Friday, September 3, 2010
Our Storm and the Hurricanes
The storm last evening was magnificent, lasting about thirty minutes and pouring one and a half inches of rain on our parched gardens. Our last serious rain was July 17th and we have had triple digit temperatures and a hot, dry thirty mile an hour wind for weeks now; it takes your breath away to walk outside. I have watched with concern as the native grasses of the surrounding countryside became more brittle each day until suddenly I realized it was tinder.
The dry weather leaves had fallen from the trees and were accumulating in crisp piles with the earth beneath them blow-sand and dust. The Black Walnut had begun to cast off her babies prematurely to save her strength, my Pyricantha slowly died and I was worried about my Viburnum when no amount of watering made her perk up. The garden wilted no matter the water applications so the situation had become dire.
Last evening I decided to take action as the radar showed the possibility of rain coming to us; I called all my children and told them to give shots of booze to the Four Winds, honoring their power and asking them to send rain. This time I purposefully did not remind them to ask the Winds for mercy… I wanted a storm. I told Michael to get busy doing whatever he felt was necessary to get us some rain! Out came the Maker’s Mark, a favorite by any standards and much more appeasing than Jack Daniels. (We all know the effects of Jack and who wants the Winds to act accordingly?) A shot to the West, the South, the East and the North Winds.
Within minutes the radar showed a line of storms… they were coming. Our son Peter called to say the radar in his tractor had suddenly shown a huge storm; he was rushing out of the fields to home. We took the car to the shop, then I gathered all lawn furniture cushions that I usually race about trying to keep dry and arranged them in a circular pattern… I sacrificed them, not caring if they were ruined. More booze to the Winds and they began whispering to the trees that rain was coming; they began dancing in a tandem waltz. Their waltz became a madcap of twirling as in a whipping frenzy the Winds made their grande entrance.
The storm arrived with lightning flashes that lit the sky, claps of thunder explosions and driving horizontal downpours. The winds quickly escalated to over 70 miles per hour and the power died. Through the darkness and the blazing lightning, various lawn items could be seen flying past the window and we were ecstatic!

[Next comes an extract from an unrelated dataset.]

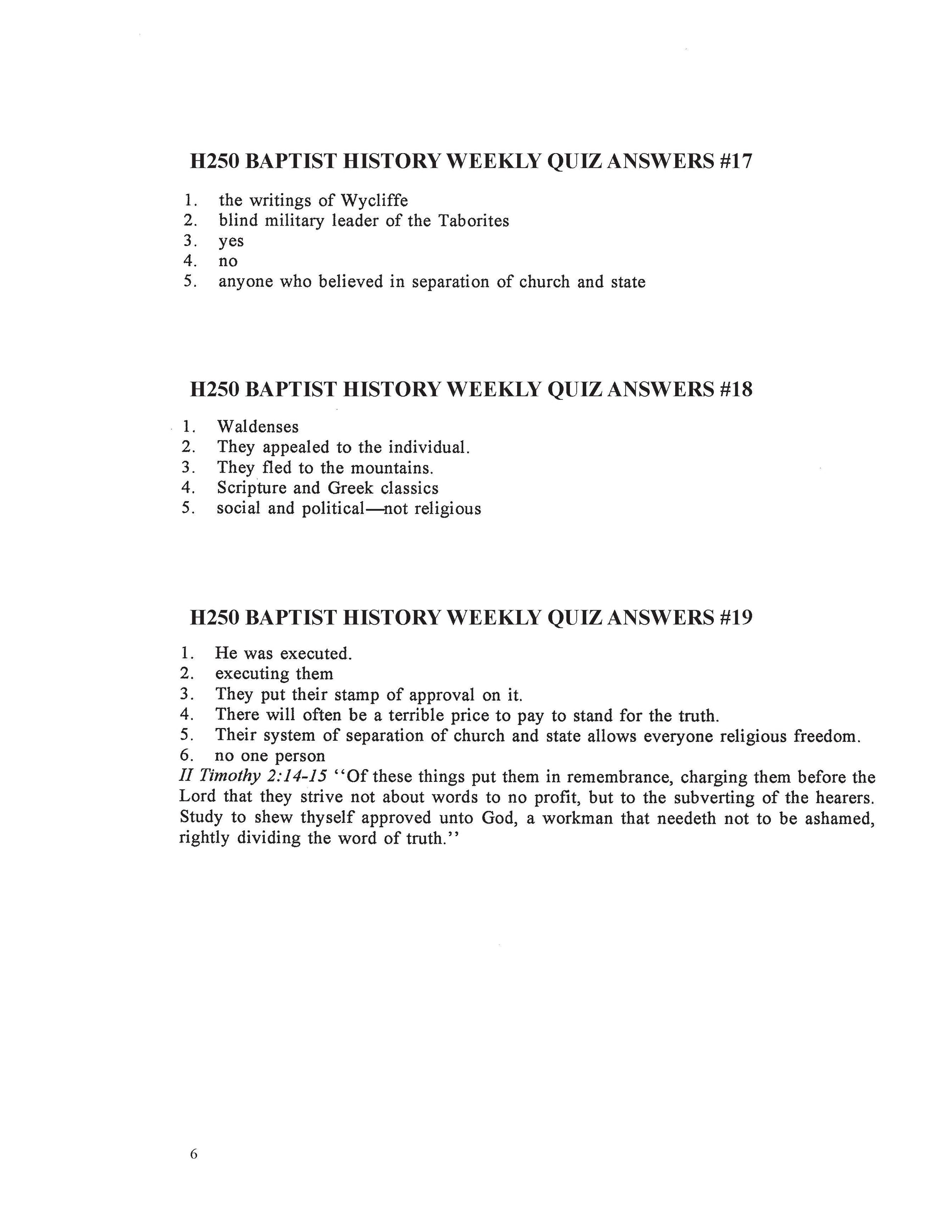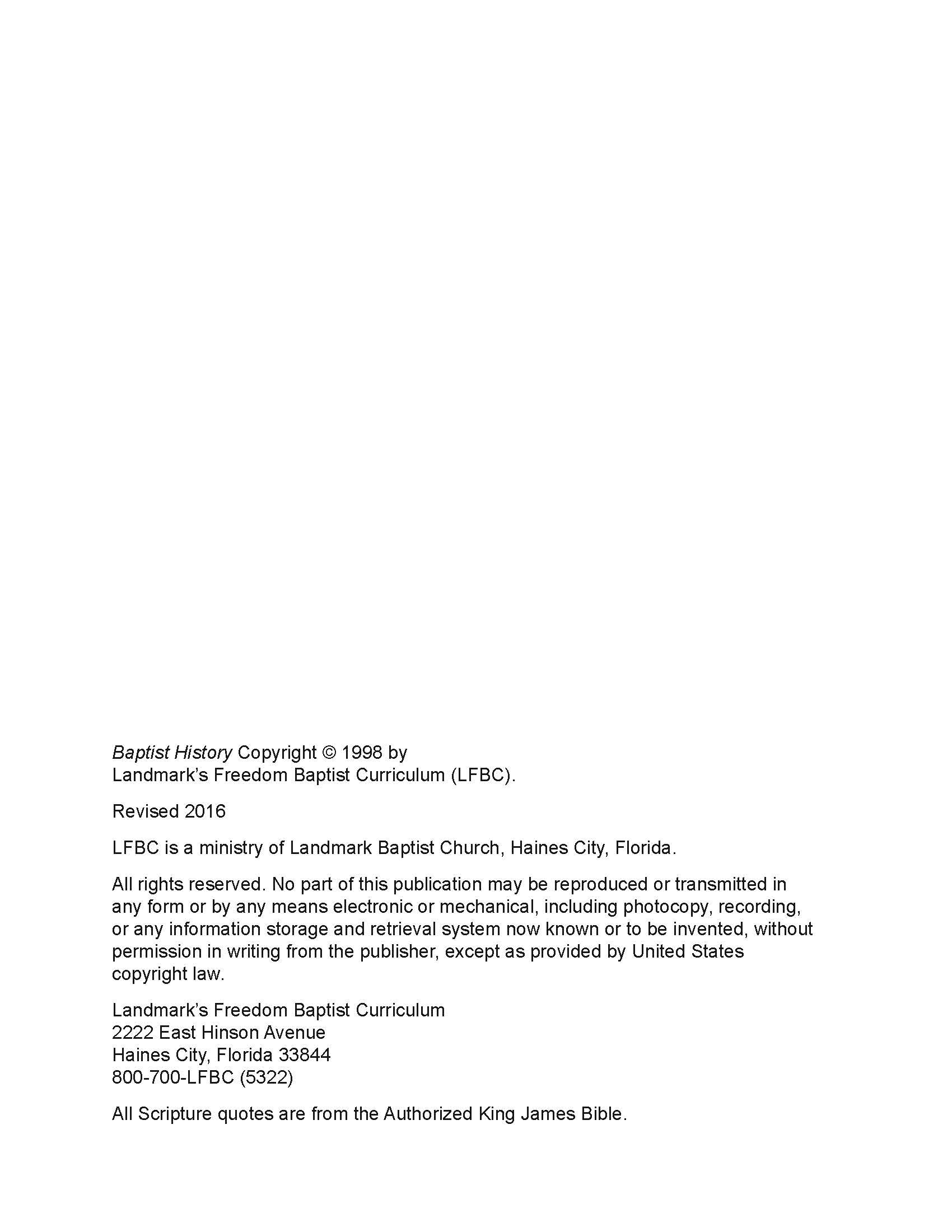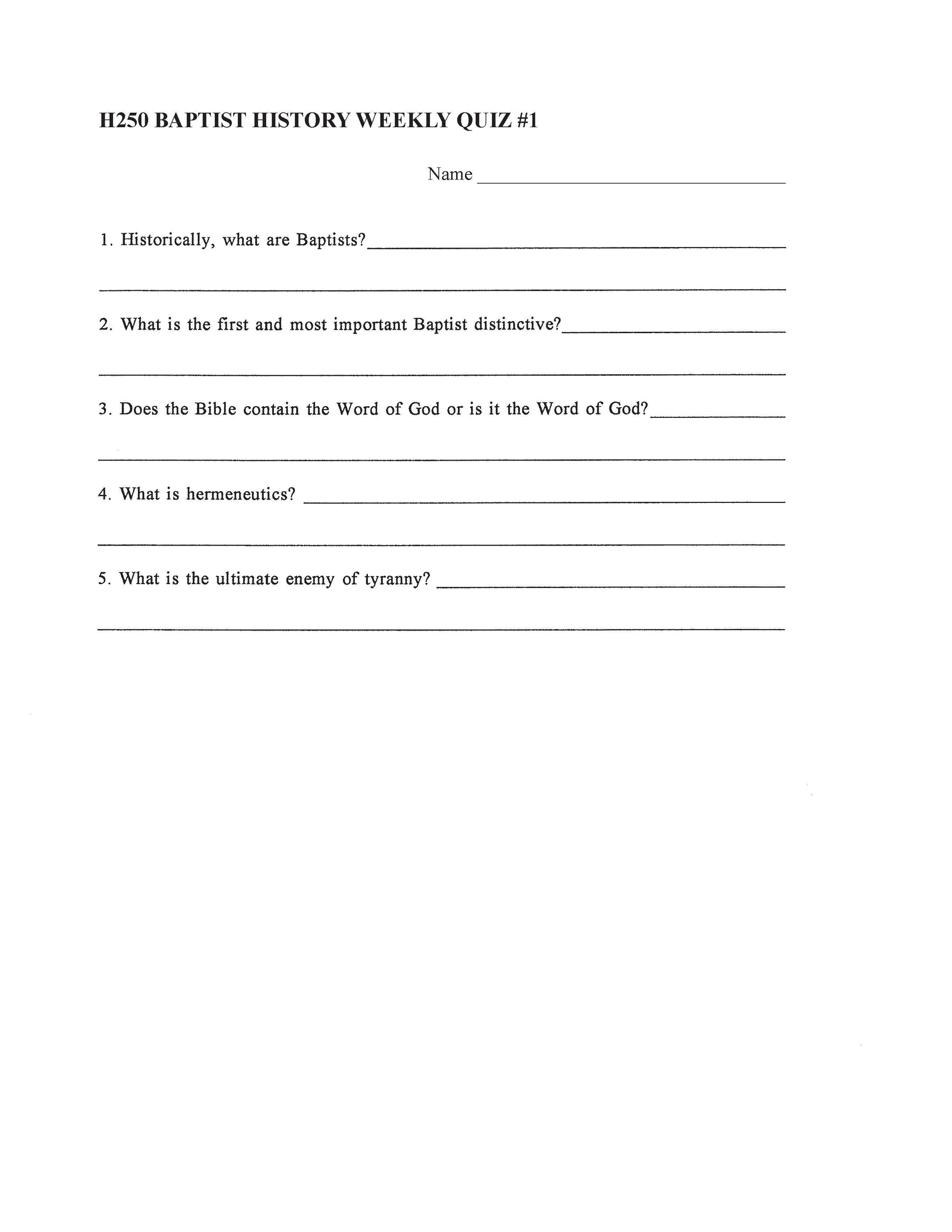 History Elective - Baptist History

The blackness of the night, the silence of the house without electricity, the phones dead making communication impossible, the velocity of the storm visible only through the flashes of lightning… it was amazing. My forest floor is finally saturated, my world is saved.
As we watch the weather events unfold along the East and Gulf coasts, after our storm, we were reminded that mankind has maintained a continuous struggle against assaults by nature. Catastrophic events have occurred since the beginning of time and have been the subject of vigorous religious and scientific study and discussion.
For thousands of years, countless theories have come to light only to be rebuked by new information. The belief that mankind is responsible for natural disasters is not a new premise. Our responsibility was believed for hundreds of years and was the reason for sacrifices to volcanoes, oceans, farmland, and forests. The argument is compelling and it would be convenient to blame us so perhaps we have an option for change and some measure of control.
Not so! When we study the deserts, which were once lush forests, it is obvious that many natural disasters are exactly that… natural. Although science has made vast advances in the prediction of weather related events, where a catastrophe will occur is still the whim of nature.
All week, I have been reading 'Nature on the Rampage' by Ann and Myron Sutton to better understand the forces of nature. Hurricanes were named after Huracan, an evil storm god of the Caribbean. One of the most devastating hurricanes on record occurred in 1780. It began off Barbados and came ashore where it flattened trees and dwellings killing countless numbers of people. It destroyed an English fleet anchored off St. Lucia, then ravaged the island completely leaving 6,000 dead in its wake. It swirled on to Martinique, enveloped a French convoy and sank more than 40 ships carrying 4,000 soldiers before leveling towns and villages killing another 9,000 people. It finally wound down after destroying Puerto Rico and an untold number of ships and fishing vessels caught unaware in open sea.
Weston Martyr is quoted in the book with his description of a hurricane. He said, "You cannot breathe with a hurricane blowing full in your face. You cannot see either; the impact on your eyeball of spray and rain traveling over a hundred miles an hour makes seeing quite impossible. The blowing sand cuts your flesh and you hear nothing but the scream and booming of the wind, which drowns even the thunder and the breaking seas. You cannot move except by extreme exertion. To stand is to be blown away like a dead leaf. You cannot even crawl; you have to climb about twisting your arms and legs around anything solid within reach". Hang onto your hats!!